YOUR INSTRUCTIONS:
Scan the material and copy every line in which "with" appears.

SUPPLIED DATA Start Marker

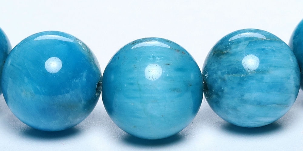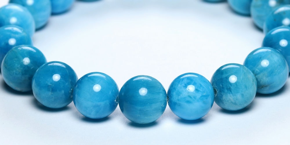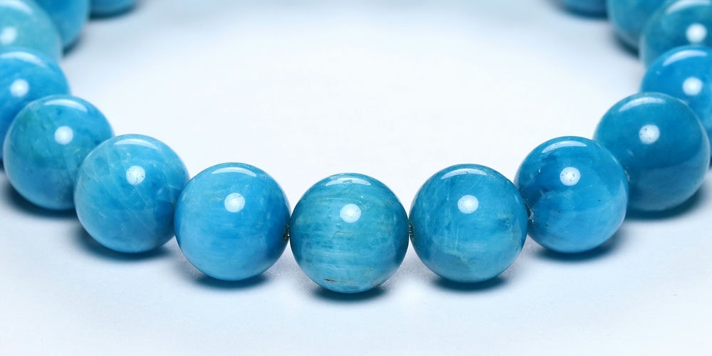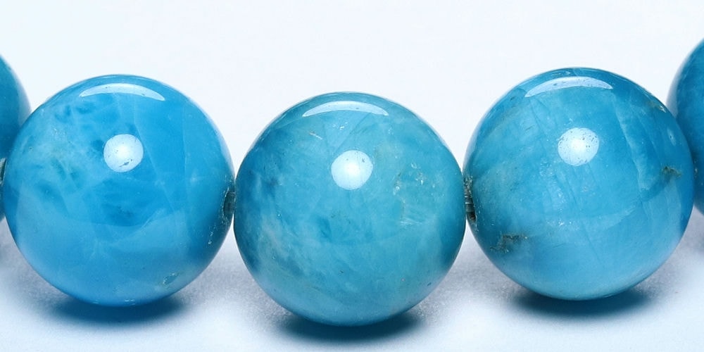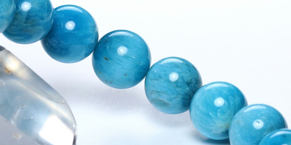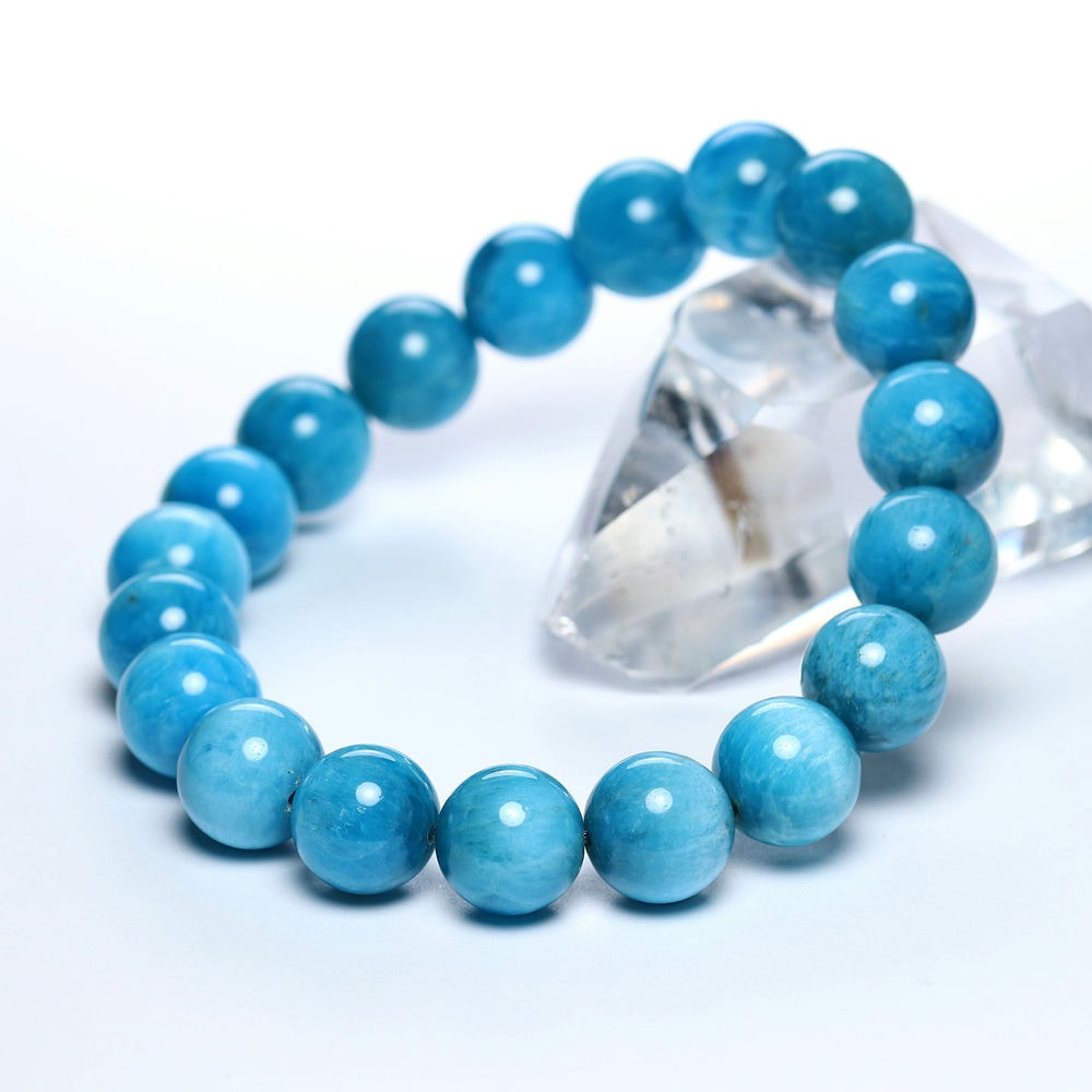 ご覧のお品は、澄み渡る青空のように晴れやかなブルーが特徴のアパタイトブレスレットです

SUPPLIED DATA End Marker
SUPPLIED DATA Start Marker

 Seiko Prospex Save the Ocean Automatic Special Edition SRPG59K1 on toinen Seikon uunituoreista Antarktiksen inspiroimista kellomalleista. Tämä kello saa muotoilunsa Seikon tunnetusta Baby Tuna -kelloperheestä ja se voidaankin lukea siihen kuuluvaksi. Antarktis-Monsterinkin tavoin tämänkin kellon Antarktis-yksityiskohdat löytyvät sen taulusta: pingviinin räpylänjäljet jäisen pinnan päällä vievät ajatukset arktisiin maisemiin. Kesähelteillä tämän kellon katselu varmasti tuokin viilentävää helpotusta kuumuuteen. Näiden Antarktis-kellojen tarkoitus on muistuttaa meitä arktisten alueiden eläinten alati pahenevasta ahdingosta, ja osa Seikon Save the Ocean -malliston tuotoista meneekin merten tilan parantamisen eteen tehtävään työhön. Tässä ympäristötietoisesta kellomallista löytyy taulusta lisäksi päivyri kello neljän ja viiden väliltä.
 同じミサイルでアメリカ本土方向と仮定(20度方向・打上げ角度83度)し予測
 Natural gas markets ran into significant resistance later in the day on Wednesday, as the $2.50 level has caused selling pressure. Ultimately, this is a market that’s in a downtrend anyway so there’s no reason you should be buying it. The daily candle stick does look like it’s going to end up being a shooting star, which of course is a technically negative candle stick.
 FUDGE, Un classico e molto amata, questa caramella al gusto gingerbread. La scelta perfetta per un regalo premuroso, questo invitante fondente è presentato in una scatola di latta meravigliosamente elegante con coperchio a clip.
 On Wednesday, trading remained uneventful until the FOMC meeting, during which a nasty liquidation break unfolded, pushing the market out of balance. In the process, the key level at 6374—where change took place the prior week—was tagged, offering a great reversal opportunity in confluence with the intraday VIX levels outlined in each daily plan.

SUPPLIED DATA End Marker
SUPPLIED DATA Start Marker

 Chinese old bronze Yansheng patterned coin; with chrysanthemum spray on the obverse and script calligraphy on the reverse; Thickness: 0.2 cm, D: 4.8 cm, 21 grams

SUPPLIED DATA End Marker

RESULT OF THIS TASK:
 On Wednesday, trading remained uneventful until the FOMC meeting, during which a nasty liquidation break unfolded, pushing the market out of balance. In the process, the key level at 6374—where change took place the prior week—was tagged, offering a great reversal opportunity in confluence with the intraday VIX levels outlined in each daily plan.
 Chinese old bronze Yansheng patterned coin; with chrysanthemum spray on the obverse and script calligraphy on the reverse; Thickness: 0.2 cm, D: 4.8 cm, 21 grams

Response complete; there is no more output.